(Stored dataset items)

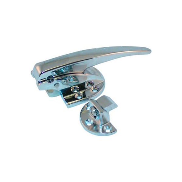 mechanical latch w/ strike, polished chrome offset handle, no lock offset flush to 3/8" length 5-57/64" width 2-3/32" outside screw centers 7/8" x 1-1/2" 3 hole strike 2-1/16"w x 1-3/32"l x 1-3/32"h. for series: 930
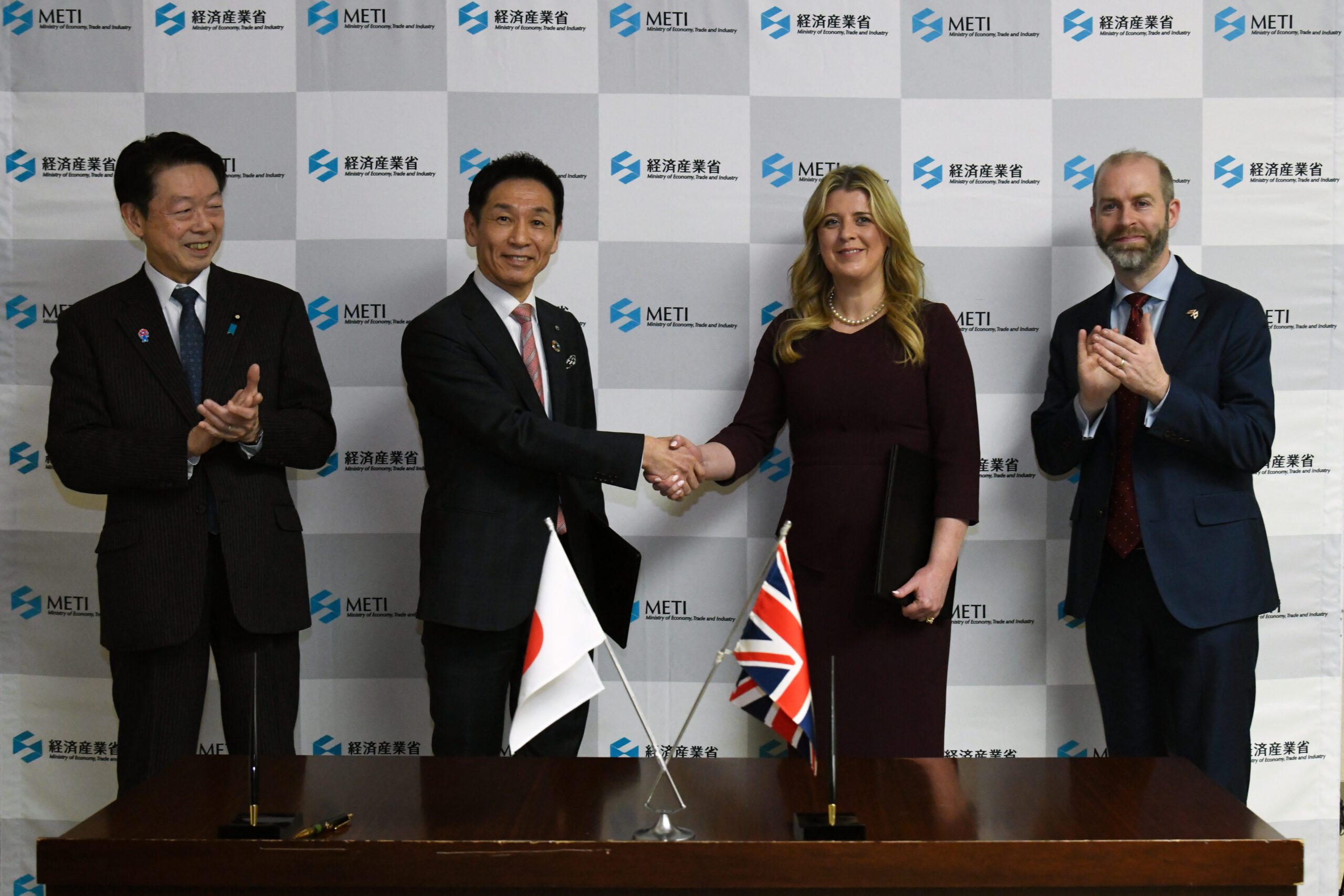 (写真:日本・武藤経済産業大臣、当組合理事長・寺﨑正勝、ORE Catapult役員・クリスティーナ・ガルシア=ダフィー氏、英国・レイノルズ ビジネス貿易大臣)
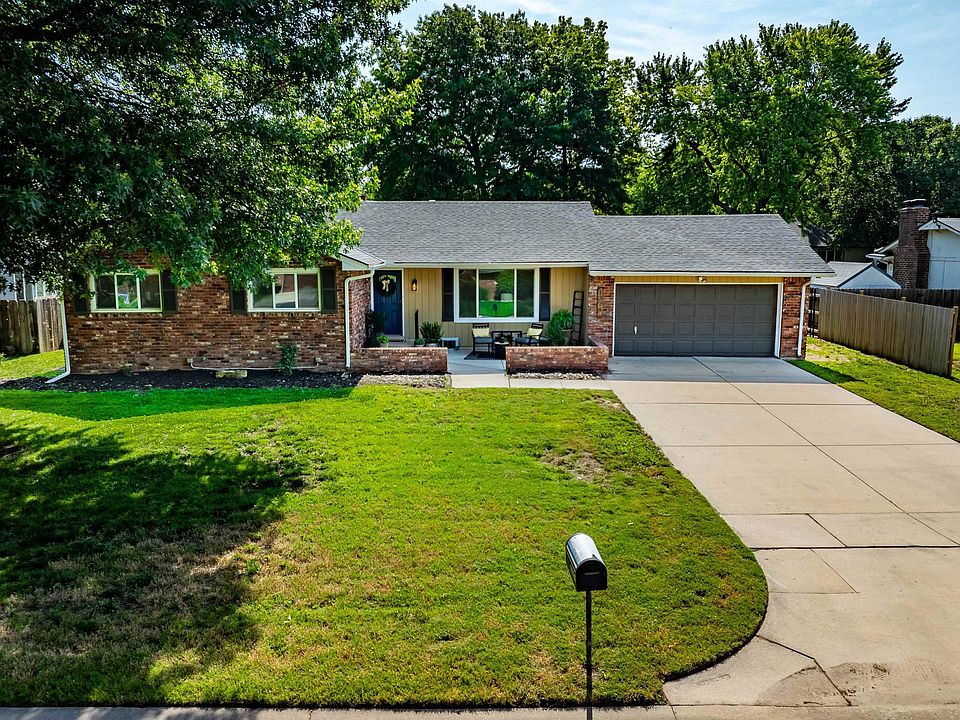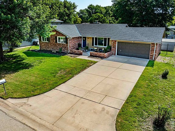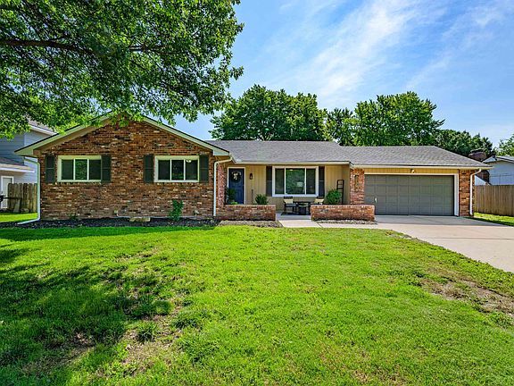 Sunny spaces and serious charm. This all brick ranch in a beautiful established west Wichita neighborhood offers 3 bedrooms, 2 bathrooms, and an attached 2 car garage. A brand new roof was installed in April 2025, providing peace of mind for years to come. Step inside to find fresh paint and luxury vinyl flooring throughout the hearth room, kitchen, and living room. The spacious hearth room, currently used as a dining area, offers flexible space for entertaining. The galley kitchen features generous counter space and a step in pantry, perfect for everyday cooking or entertaining. Just off the kitchen and hearth room is a sunroom, offering additional living space filled with natural light. It’s the perfect spot for morning coffee, evening relaxation, or even your favorite houseplants. Main floor laundry is conveniently located near the primary ensuite. The finished basement includes a large rec room, non conforming bedroom and a dedicated storage area. Step outside to a fenced backyard just over a quarter acre, complete with two storage sheds. This home combines comfort, function, and a touch of personality. Don’t miss the chance to make it yours.
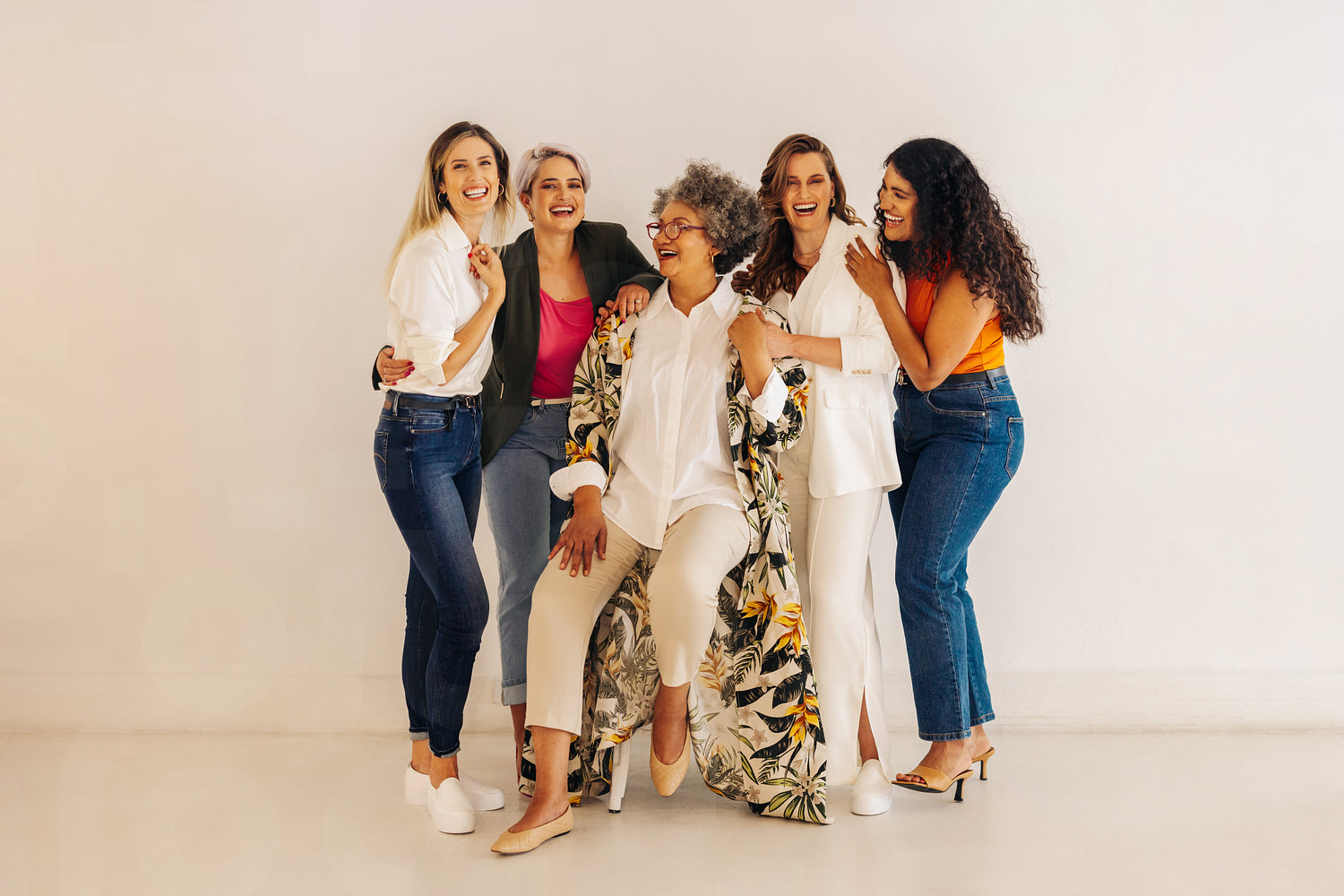 Successful female entrepreneurs laughing happily while standing together in an office. Group of multicultural businesswomen working as a team in an all-female startup.
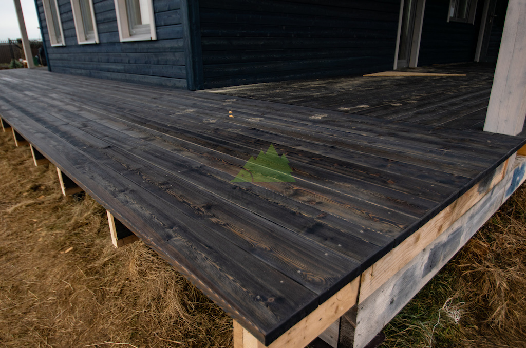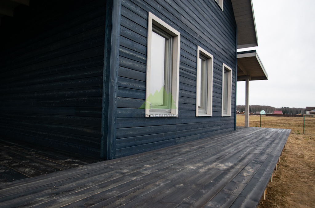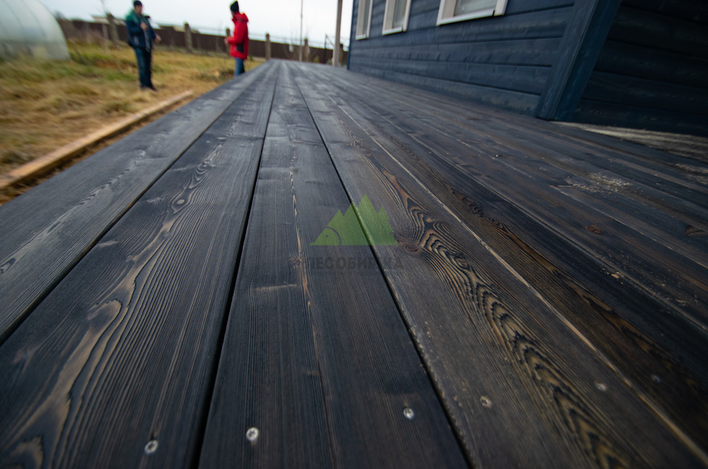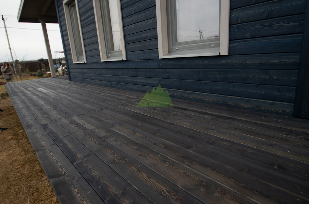 Когда работы по фасаду были завершены, и семья приехала оценить результат в Ромашкинских усадьбах, их восторг был лучшей наградой для нашей команды. Особенно эмоционально отреагировала хозяйка, не скрывая своего восхищения преобразившимся домом. Сдержанное, но крепкое мужское рукопожатие главы семьи говорило красноречивее любых слов. Удовлетворение было настолько велико, что прямо на объекте поступил новый заказ! Клиенты захотели, чтобы их терраса также приобрела благородный вид состаренной древесины. Мы с радостью взялись за работу, ведь для нас нет лучшего показателя качества, чем доверие и повторные обращения. Для террасы была выбрана брашированная террасная доска из лиственницы сорта ВС размером 140х28 мм. Весь процесс брашировки и нанесения финишного покрытия – гидромасла Renner YS M300 (цвет TV-43+150гр), идеально подобранного под уже выполненный фасад, – также проходил в стенах нашей мастерской. Наши специалисты вновь продемонстрировали своё мастерство, попав точно в "яблочко" с выбором оттенка и степенью брашировки. Результат превзошел все ожидания, создав гармоничный и завершенный ансамбль дома и прилегающей террасы.
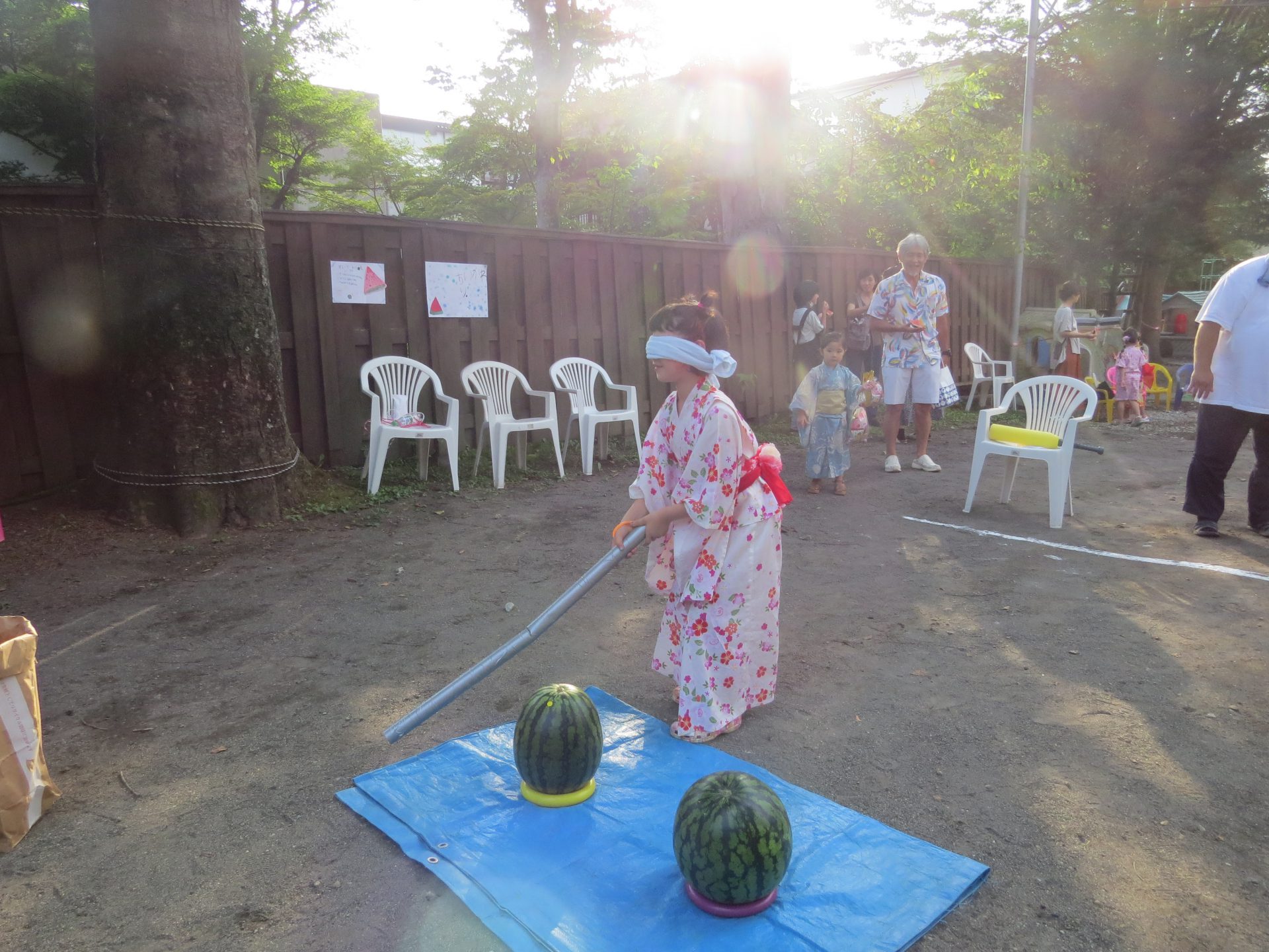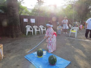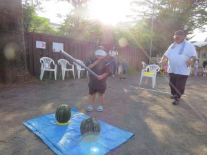 スイカ割りもして卒園生も遊びに来てくれました。
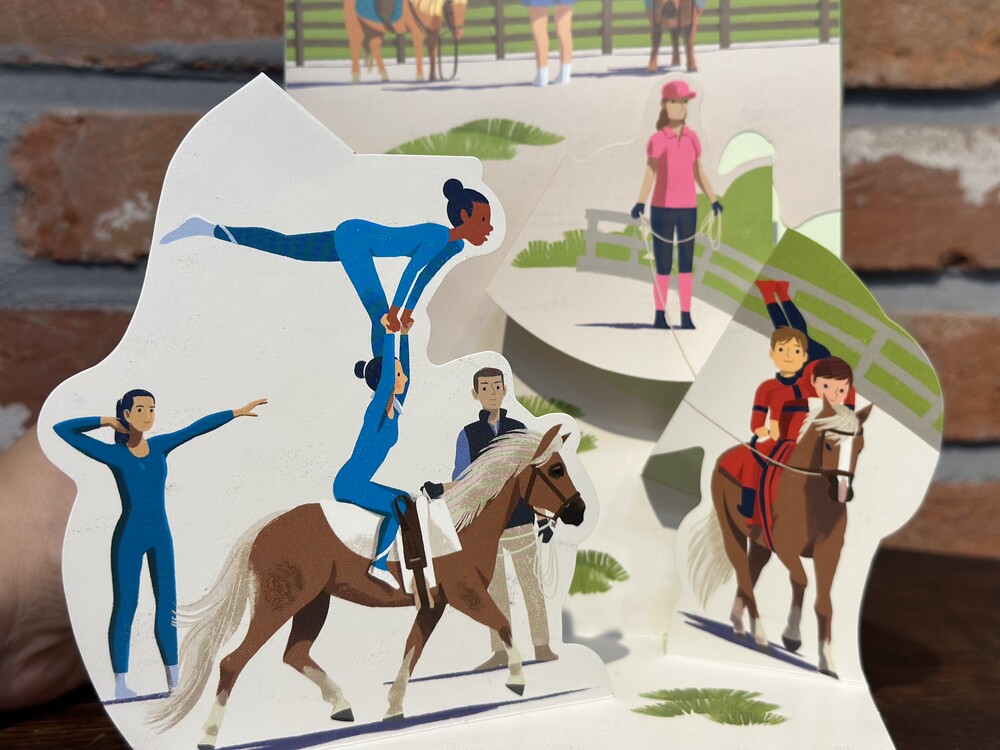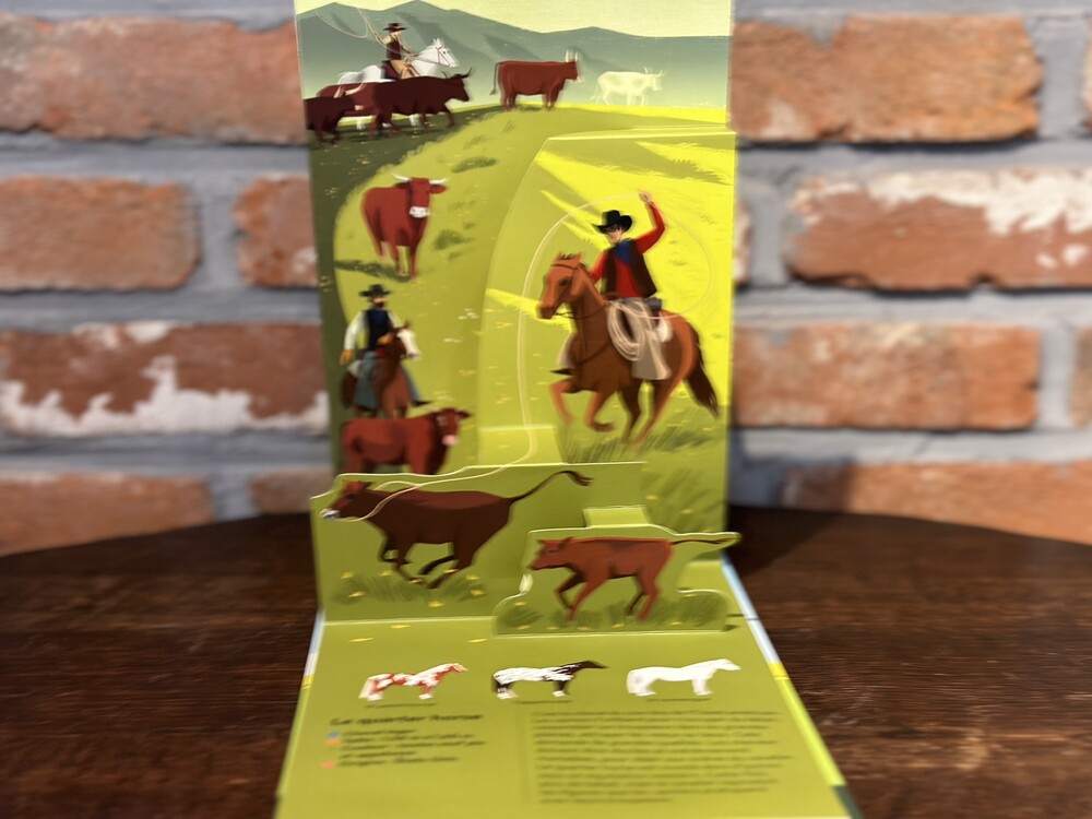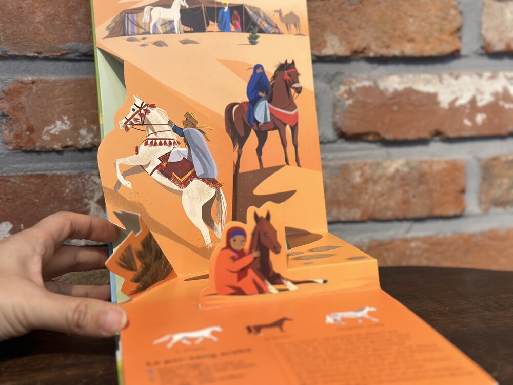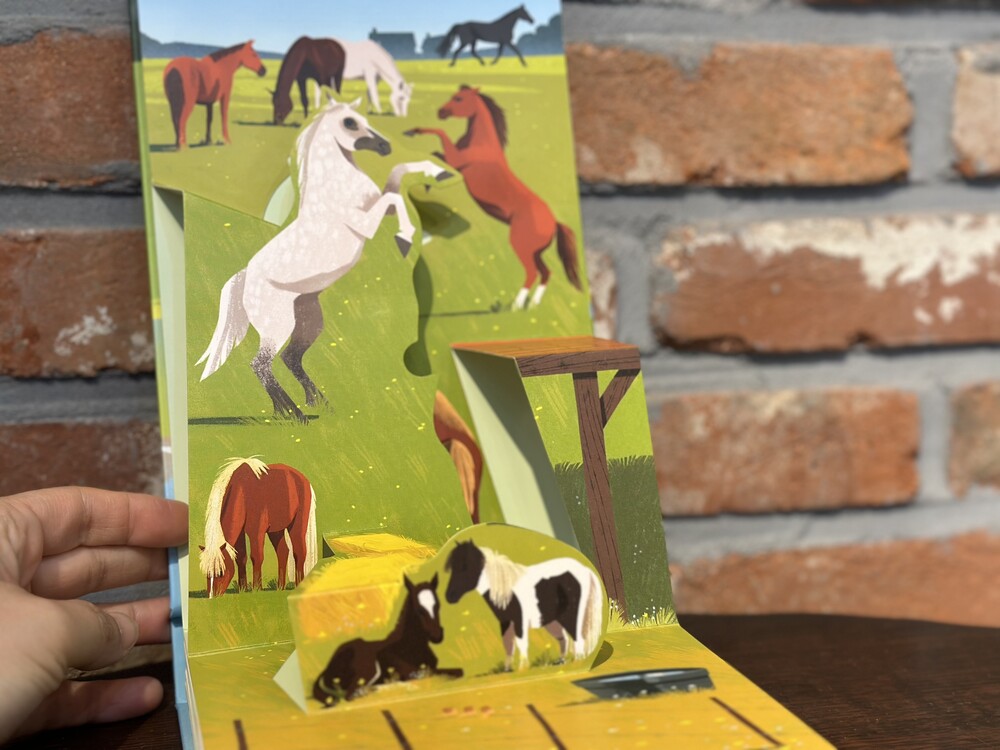 조랑말 클럽부터 경마장까지, 장애물 코스부터 영화 세트장까지, 스피드 트랙에서 서커스 트랙까지, 대회장부터 비행장까지… 많은 조랑말과 말들에 대한 팝업북입니다. 조랑말과 말의 차이점을 정확히 알려주는 첫 팝업 장면 이후 9가지 유형(셰틀랜드, 아랍 순혈, 영국 순혈마, 특출난 말, 해플링거, 스포츠 조랑말, 쿼터 호스, 스페인 순종)의 말들이 차례로 다뤄집니다.
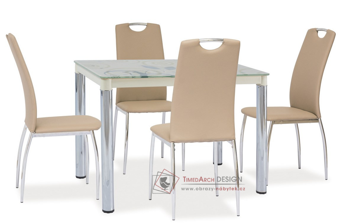 Jídelní stůl DAMAR II na kovové, pochromované podnoži, stolní deska z tvrzeného skla krémové barvy s dekorem.
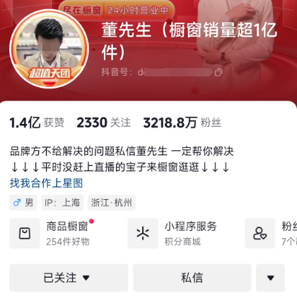 董先生已是某短视频平台多次霸榜的超头部现象级带货主播。目前某短视频平台粉丝数为3218.5万人。
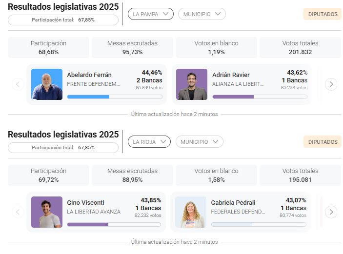 - La Rioja: 2 diputados nacionales

=== What the exercise asks ===
In the entries above, find the line with "Successful female entrepreneurs" and the line with "조랑말 클럽부터 경마장까지, 장애물". Return exactly those lines and all the ones between them, pictures excluded.

=== Exercise output ===
 Successful female entrepreneurs laughing happily while standing together in an office. Group of multicultural businesswomen working as a team in an all-female startup.
 Когда работы по фасаду были завершены, и семья приехала оценить результат в Ромашкинских усадьбах, их восторг был лучшей наградой для нашей команды. Особенно эмоционально отреагировала хозяйка, не скрывая своего восхищения преобразившимся домом. Сдержанное, но крепкое мужское рукопожатие главы семьи говорило красноречивее любых слов. Удовлетворение было настолько велико, что прямо на объекте поступил новый заказ! Клиенты захотели, чтобы их терраса также приобрела благородный вид состаренной древесины. Мы с радостью взялись за работу, ведь для нас нет лучшего показателя качества, чем доверие и повторные обращения. Для террасы была выбрана брашированная террасная доска из лиственницы сорта ВС размером 140х28 мм. Весь процесс брашировки и нанесения финишного покрытия – гидромасла Renner YS M300 (цвет TV-43+150гр), идеально подобранного под уже выполненный фасад, – также проходил в стенах нашей мастерской. Наши специалисты вновь продемонстрировали своё мастерство, попав точно в "яблочко" с выбором оттенка и степенью брашировки. Результат превзошел все ожидания, создав гармоничный и завершенный ансамбль дома и прилегающей террасы.
 スイカ割りもして卒園生も遊びに来てくれました。
 조랑말 클럽부터 경마장까지, 장애물 코스부터 영화 세트장까지, 스피드 트랙에서 서커스 트랙까지, 대회장부터 비행장까지… 많은 조랑말과 말들에 대한 팝업북입니다. 조랑말과 말의 차이점을 정확히 알려주는 첫 팝업 장면 이후 9가지 유형(셰틀랜드, 아랍 순혈, 영국 순혈마, 특출난 말, 해플링거, 스포츠 조랑말, 쿼터 호스, 스페인 순종)의 말들이 차례로 다뤄집니다.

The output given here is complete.